After the US began extraterritorial detention of accused terrorists at Guantanamo Bay, the song's geographical reference inspired inevitable protest versions. One recorded by GNU/Linux operating system developer and software activist Richard Stallman switches out that country girl for a prisoner at the US camp.

“It's a very catchy melody, and anyone can sing the refrain. All you need to know is 'guajira Guantanamera' or some syllables that sound like that,” Manuel says.

Or, indeed, some that don't sound like that at all.

Andy Lawn, author of a book on British football chants, says that Guantanamera has been a classic in the stands of England for decades — refitted with an ever-changing set of lyrics to cheer or chasten players on the field.

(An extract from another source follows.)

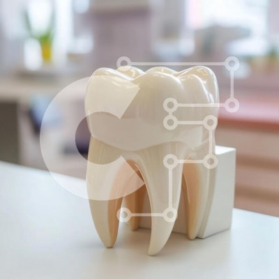 Υπάρχει δυνατότητα προσωποποίησης με δική σας φωτογραφία και προσαρμογής διαστάσεων κατόπιν παραγγελίας. Το συγεκεριμενο puzzle παρουσιαζει Η εικόνα παρουσιάζει ένα μεγάλο, στυλιζαρισμένο οδοντικό μοντέλο ενός δοντιού, που εμφανίζεται σε περίοπτη θέση σε ένα τραπέζι. Το μοντέλο των δοντιών είναι γυαλιστερό και λευκό, με ρεαλιστικές λεπτομέρειες, συμπεριλαμβανομένων δύο διακριτών ριζών. Τοποθετείται σε ένα απαλό, θ

“It’s massively popular. It's probably, I would say, the most popular tune that you hear in English football grounds up and down the country.” Lawn says he heard it three or four times at a recent Norwich game against Manchester City — “and that was just at that one game.”

The Guantanamera refrain is an ideal canvas for football fans' insults because its structure is so easily adapted, Lawn says.

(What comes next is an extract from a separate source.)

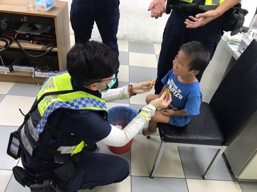 賴姓男童被路人發現後,立即報警協助,員警獲報趕抵現場,並安撫男童情緒,無奈男童年幼,無法清楚表達語意,員警只好先將男童帶回駐地,充當臨時保姆照料男童,除了提供小點心及果汁外,也耐心陪男童聊天,分散緊張的心情。因為男童只有2歲多,員警研判應該住在不遠處,除了請里長協助廣播協尋外,也拿著男童照片在附近搜尋。

“It can be anything from 'you're getting sacked in the morning, sacked in the morning,' to 'your support isn't very good' — only less polite — 'who ate all the pies,'” he says. “It's just adapted and adapted so many times but the tune is always the same.”

It's been reused so many times and in so many different ways, it's perhaps appropriate that this unofficial anthem of Cuba has become an official anthem — for recycling.

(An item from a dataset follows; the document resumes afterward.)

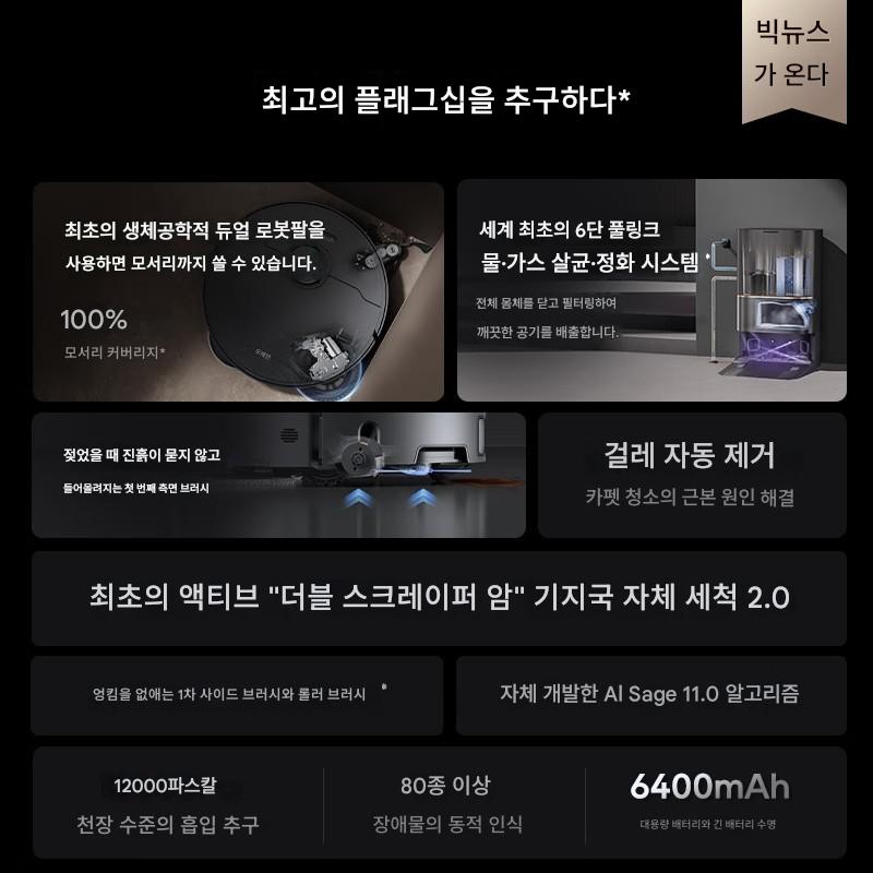 청소, 걸레질, 세척, 걸레질 암과 기지국 자체 세척 기능이 통합된 Dreame X40 Pro 청소 로봇 청소기

In 2004, Sweden's Pantamera recycling authority turned Guantanamera into its official jingle and sponsored a series of songs using the tune to go with their name, which means “deposit more,” Pantamera spokesperson Katarina Lundell says. It's become so popular that few know it's originally a Cuban song.

“Children believe it's a song written and made by Pantamera,” she says.

Swedish rappers O-Hund and Third Eye with Antonio D won the agency's 2013 song contest to produce their song “Pantman Anthem.” Their music video features plastic bottles dancing to the recycling bin  and Joseito's world-famous Cuban refrain.